→ **PROBLEM DETAILS**: In the records below, the relevant part opens with the line containing "تزيل كل الشعر" and closes with the line containing "The La Madre Foothills RAMP"; print that part exactly and only, without its pictures.

→ **DATA SUPPLIED**:

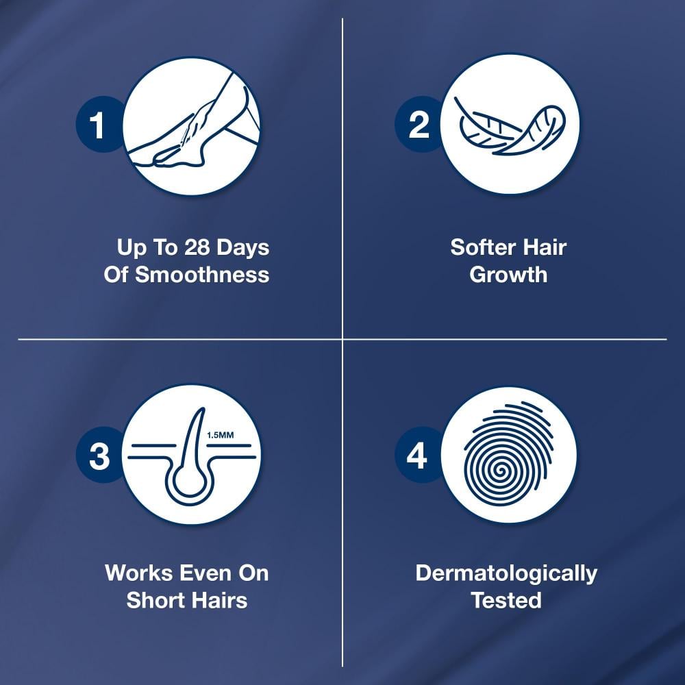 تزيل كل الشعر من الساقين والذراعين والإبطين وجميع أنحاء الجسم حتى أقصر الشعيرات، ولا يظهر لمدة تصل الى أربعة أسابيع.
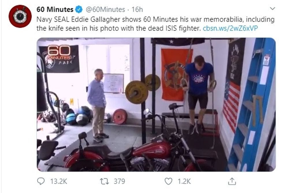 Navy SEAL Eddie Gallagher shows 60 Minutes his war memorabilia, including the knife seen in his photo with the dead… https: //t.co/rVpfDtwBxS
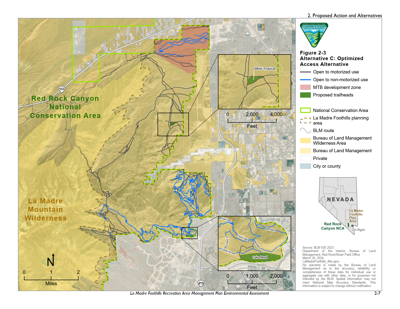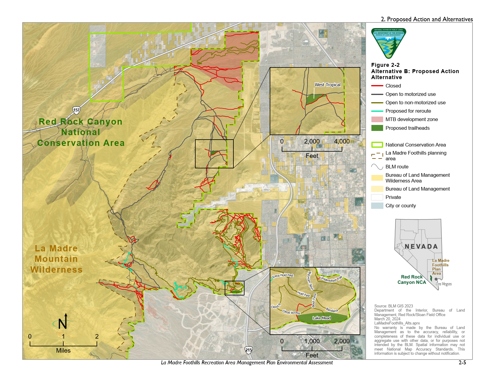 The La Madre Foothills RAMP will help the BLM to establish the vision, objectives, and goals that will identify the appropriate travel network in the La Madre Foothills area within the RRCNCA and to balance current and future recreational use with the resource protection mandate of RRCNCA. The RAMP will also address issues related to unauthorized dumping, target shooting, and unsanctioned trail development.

* * *

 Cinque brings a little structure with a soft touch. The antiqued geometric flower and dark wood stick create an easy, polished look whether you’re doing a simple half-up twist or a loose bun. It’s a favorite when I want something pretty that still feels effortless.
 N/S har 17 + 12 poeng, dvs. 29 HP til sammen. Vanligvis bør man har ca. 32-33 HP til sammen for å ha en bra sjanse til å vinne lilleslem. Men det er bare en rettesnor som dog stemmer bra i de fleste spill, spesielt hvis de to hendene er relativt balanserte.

---

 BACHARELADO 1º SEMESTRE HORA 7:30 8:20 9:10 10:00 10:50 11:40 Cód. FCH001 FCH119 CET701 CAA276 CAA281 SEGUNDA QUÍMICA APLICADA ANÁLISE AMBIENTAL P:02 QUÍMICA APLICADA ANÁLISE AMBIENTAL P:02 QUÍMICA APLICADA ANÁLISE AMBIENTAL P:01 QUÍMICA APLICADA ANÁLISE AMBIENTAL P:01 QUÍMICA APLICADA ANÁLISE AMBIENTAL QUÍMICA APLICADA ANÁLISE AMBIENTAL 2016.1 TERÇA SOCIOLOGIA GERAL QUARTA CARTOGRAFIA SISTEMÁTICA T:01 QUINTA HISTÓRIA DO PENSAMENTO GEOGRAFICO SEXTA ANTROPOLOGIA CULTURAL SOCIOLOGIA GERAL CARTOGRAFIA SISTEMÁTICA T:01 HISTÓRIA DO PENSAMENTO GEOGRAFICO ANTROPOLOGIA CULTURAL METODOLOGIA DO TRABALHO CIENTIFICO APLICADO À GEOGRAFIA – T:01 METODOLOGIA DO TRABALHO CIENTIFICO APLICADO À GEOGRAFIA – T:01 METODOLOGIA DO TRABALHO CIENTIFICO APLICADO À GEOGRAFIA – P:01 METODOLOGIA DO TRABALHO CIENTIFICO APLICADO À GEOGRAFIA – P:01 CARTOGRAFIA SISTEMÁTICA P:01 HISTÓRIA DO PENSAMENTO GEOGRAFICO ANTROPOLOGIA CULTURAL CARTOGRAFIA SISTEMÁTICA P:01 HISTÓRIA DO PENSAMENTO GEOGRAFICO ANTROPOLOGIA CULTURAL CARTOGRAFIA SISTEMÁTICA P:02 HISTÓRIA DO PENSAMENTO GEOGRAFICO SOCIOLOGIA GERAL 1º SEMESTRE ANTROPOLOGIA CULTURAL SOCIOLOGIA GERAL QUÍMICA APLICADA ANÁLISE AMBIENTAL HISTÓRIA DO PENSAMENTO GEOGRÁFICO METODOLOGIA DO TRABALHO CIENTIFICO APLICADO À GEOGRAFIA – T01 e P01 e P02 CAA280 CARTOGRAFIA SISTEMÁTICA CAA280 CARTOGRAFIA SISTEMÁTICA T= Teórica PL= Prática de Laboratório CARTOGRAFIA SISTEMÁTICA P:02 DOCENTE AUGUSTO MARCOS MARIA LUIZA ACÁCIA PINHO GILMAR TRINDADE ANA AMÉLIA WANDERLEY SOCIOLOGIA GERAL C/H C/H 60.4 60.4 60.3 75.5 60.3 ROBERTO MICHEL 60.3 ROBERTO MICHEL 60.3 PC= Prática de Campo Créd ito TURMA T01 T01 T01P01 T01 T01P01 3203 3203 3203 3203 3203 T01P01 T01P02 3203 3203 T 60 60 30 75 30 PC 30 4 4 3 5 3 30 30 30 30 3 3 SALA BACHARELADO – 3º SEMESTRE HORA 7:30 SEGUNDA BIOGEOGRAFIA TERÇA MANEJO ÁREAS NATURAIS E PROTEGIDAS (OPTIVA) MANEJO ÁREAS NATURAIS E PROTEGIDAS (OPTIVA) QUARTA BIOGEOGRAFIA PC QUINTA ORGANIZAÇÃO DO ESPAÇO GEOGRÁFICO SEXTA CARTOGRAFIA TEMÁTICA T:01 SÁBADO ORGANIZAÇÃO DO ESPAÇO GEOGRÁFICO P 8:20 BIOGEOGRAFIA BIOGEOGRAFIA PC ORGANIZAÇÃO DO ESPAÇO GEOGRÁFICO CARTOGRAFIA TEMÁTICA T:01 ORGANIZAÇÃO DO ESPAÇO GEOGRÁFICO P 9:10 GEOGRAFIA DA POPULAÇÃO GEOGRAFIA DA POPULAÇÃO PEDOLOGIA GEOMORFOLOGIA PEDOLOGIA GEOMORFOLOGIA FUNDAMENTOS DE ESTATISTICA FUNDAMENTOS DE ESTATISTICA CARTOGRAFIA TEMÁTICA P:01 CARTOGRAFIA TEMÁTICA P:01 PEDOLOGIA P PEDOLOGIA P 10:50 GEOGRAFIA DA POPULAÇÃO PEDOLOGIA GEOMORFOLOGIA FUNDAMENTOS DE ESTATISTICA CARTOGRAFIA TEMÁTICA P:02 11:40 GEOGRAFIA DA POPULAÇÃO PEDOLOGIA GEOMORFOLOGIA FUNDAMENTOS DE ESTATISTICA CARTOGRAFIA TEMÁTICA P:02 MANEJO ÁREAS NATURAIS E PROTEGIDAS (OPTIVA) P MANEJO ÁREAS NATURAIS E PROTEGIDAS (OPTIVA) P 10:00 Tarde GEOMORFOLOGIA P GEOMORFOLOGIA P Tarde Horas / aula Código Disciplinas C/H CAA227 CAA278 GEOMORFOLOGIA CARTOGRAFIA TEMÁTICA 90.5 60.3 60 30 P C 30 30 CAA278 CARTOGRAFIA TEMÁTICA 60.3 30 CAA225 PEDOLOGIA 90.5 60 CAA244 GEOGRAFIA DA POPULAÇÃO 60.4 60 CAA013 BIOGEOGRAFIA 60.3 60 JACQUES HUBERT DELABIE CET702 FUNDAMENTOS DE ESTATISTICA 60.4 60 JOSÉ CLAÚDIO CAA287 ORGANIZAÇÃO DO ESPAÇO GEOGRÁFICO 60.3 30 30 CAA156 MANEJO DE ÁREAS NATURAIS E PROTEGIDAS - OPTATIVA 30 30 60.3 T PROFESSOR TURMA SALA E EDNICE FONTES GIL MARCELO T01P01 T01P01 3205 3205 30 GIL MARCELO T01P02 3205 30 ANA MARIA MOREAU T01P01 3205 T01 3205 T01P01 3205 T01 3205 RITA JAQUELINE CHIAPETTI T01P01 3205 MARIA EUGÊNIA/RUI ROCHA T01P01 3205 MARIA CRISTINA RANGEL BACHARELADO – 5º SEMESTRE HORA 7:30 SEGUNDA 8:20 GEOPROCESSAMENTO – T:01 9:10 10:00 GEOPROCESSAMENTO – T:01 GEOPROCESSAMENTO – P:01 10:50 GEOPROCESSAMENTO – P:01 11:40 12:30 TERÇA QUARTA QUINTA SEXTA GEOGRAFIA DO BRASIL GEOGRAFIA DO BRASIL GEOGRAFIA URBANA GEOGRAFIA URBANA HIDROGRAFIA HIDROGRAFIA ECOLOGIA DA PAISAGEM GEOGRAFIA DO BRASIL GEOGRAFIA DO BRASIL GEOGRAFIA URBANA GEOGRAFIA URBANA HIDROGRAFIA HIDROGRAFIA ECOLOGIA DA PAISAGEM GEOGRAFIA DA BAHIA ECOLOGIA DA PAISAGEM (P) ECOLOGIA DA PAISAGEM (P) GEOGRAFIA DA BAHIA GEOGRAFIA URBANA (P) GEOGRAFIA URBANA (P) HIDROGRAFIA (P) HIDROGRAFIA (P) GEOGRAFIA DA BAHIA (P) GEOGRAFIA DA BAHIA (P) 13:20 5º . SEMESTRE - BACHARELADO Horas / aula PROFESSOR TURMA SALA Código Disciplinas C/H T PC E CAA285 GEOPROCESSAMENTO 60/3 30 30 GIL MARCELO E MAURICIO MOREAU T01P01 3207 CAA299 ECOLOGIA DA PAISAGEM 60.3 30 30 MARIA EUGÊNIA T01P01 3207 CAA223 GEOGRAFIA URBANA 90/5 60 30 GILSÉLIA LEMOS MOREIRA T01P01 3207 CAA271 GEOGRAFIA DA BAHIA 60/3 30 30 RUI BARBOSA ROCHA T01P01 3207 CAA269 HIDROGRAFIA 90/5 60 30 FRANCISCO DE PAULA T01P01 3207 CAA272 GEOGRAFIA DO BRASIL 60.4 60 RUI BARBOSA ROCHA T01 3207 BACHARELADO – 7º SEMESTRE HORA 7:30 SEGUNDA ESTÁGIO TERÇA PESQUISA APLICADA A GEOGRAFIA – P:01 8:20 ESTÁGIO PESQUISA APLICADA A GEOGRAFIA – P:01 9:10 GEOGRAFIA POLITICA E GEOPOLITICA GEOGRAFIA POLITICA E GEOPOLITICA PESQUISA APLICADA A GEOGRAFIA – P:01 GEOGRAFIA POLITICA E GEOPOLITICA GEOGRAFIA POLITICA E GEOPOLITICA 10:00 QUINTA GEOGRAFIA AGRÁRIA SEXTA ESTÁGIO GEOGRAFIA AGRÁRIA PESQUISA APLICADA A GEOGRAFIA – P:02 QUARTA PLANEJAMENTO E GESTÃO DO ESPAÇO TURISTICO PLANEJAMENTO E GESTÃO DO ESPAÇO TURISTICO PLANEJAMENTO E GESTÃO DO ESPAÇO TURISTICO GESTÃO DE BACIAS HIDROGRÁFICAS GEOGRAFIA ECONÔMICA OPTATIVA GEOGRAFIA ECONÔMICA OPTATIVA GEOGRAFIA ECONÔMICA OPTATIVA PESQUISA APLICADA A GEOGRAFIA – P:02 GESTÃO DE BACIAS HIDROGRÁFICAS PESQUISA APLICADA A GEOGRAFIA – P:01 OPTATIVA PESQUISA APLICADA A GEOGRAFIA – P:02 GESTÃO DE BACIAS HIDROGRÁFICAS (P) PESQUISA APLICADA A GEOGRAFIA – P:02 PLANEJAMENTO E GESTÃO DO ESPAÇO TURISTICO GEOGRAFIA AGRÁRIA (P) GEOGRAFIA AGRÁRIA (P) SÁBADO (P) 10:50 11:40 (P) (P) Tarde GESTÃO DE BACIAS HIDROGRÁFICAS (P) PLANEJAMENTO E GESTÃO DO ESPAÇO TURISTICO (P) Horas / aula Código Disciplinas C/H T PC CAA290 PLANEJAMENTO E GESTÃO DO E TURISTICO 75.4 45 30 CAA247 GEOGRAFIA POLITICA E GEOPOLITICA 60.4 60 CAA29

→ **FINISHED TASK**:
 تزيل كل الشعر من الساقين والذراعين والإبطين وجميع أنحاء الجسم حتى أقصر الشعيرات، ولا يظهر لمدة تصل الى أربعة أسابيع.
 Navy SEAL Eddie Gallagher shows 60 Minutes his war memorabilia, including the knife seen in his photo with the dead… https: //t.co/rVpfDtwBxS
 The La Madre Foothills RAMP will help the BLM to establish the vision, objectives, and goals that will identify the appropriate travel network in the La Madre Foothills area within the RRCNCA and to balance current and future recreational use with the resource protection mandate of RRCNCA. The RAMP will also address issues related to unauthorized dumping, target shooting, and unsanctioned trail development.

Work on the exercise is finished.